Yes he still wakes regularly, but the length of time between wakings is gradually getting longer and longer. When he was tiny, he would wake almost every two hours, sometimes more. Now, we’re stretching to 4 or 5 hours. I know to someone who gets a solid nights sleep with no interruptions that seems insane, but for us its amazing. I never wanted to use any form of cry it out method. I wanted him to know we are there for him, we will come when he calls, if he needs us we are going to be there. I wanted him to learn that no matter what, Mum and Dad are your safe space, And I do believe that begins at the very beginning.
If you google ‘Baby Sleep’ or ‘Sleep Training’ or ‘Oh Dear God Its 4am Why Won’t My Baby Sleep??!!??!!’ you will find dozens upon dozens upon dozens of people sharing stories, and the same amount again selling something. Gadgets, tips, tricks. Sleep methods, gentle methods, cry it out methods. There are even people out there who will come to your house for a ‘Sleep Consultation’. I kid you not.
There are as many options for sleep as there are names to choose from. And I won’t lie, I gave in. I signed up to a sleep program one night, after trawling through pages of reviews, reading up on the company and finally deciding, at stupid o’clock one night, that yep this sounds like us. They sound like our kind of people and I can get on board with how they do things.
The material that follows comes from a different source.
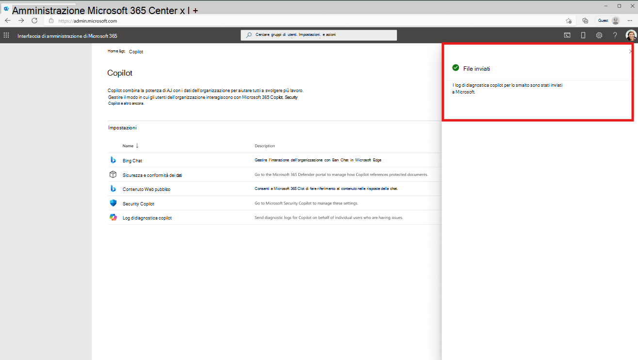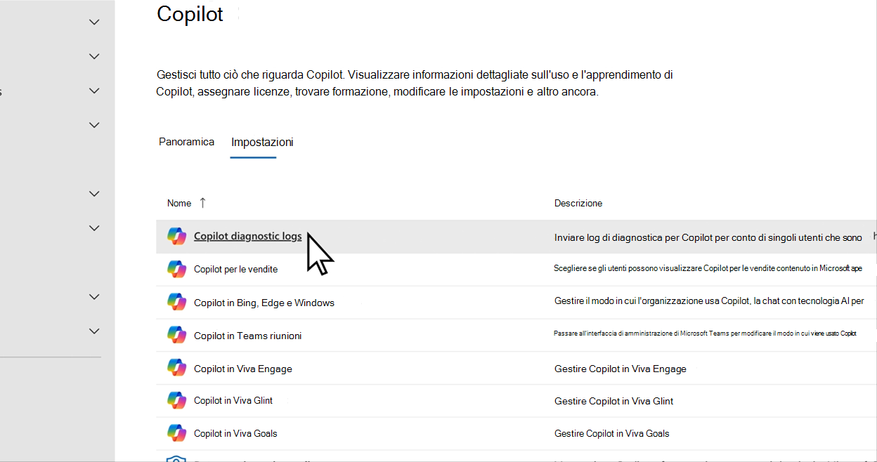 Trova Log di diagnostica di Copilot e selezionalo per aprire il riquadro dei log di diagnostica del feedback di Copilot. Esamina le informazioni e seleziona Inizia.

I paid for the right age package for my guy (how you train a child apparently is determined by their age – who knew?) and within about three days I had discarded it again. Forty euro down the drain.
I am not a strict person. I know this about myself. I can’t stop myself eating that extra biscuit, why did I think I could stick to a plan that involves hearing my son crying in his room while I stand outside? Instead we kept on as we had been, changing and growing gradually depending on his needs. Turns out, when he is ready to change the routine, he finds a way to let us know. I am still feeding him to sleep at night, a practice I love as being out at work all day it gives us a chance to connect. Up until recently, he would fall asleep on the boob, suck a while longer and then pop off and kind of stretch or starfish out on my lap, letting me know he was done. So, as he slept, I would place him in the cot, he would roll over, get comfy and happily sleep.
Lately, our routine is the same, but he doesn’t always fall asleep. Sometimes he stops feeding, reaches out to the cot to show me he’s ready. So I lie him down, he gets comfy and falls asleep in a matter of minutes. He knows himself when he is ready, and if he’s not he certainly has ways of letting me know.
We are doing what works for us. Every kid is different, every parent is different, every night can be different. Once we accepted that and stopped trying to fit him into a box or a one size fits all routine I think we actually found our rhythm. I have tried to stop feeling the need to explain our sleep patterns to others. The feeling of guilt or that you’re a bad parent because he doesn’t fit the mould – it does go away. Once I stopped listening to the well meaning advice and stopped reading the sleep columns, and started listening to my kid, our nights definitely got easier. There are still really difficult nights, and there are still days I nap when he does. But there are also nights when he sleeps really well, and days when I feel refreshed and almost human again. Parenting is a long game, there are no quick fixes or shortcuts. And I’m in it for the long game.